►

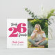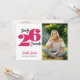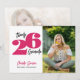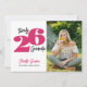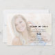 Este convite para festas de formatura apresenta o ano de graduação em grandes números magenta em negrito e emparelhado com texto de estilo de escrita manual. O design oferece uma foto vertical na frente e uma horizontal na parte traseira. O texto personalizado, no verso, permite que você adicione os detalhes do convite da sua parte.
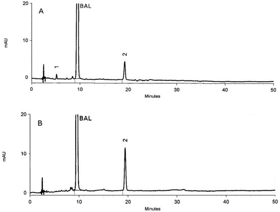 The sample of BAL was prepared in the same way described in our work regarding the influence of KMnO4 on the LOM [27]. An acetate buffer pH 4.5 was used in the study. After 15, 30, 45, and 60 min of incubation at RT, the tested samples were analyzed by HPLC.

◄
►

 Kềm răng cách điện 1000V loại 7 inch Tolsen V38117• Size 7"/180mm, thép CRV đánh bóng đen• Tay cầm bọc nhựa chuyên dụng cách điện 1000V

◄
►

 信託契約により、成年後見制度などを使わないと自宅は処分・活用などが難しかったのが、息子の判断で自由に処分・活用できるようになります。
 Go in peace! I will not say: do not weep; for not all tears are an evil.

◄

### AIM OF THE EXERCISE
From the records above, transcribe only the stretch from the line with "Este convite para" through the line with "The sample of", keeping both ends. Omit pictures.

### ANSWER AREA
 Este convite para festas de formatura apresenta o ano de graduação em grandes números magenta em negrito e emparelhado com texto de estilo de escrita manual. O design oferece uma foto vertical na frente e uma horizontal na parte traseira. O texto personalizado, no verso, permite que você adicione os detalhes do convite da sua parte.
 The sample of BAL was prepared in the same way described in our work regarding the influence of KMnO4 on the LOM [27]. An acetate buffer pH 4.5 was used in the study. After 15, 30, 45, and 60 min of incubation at RT, the tested samples were analyzed by HPLC.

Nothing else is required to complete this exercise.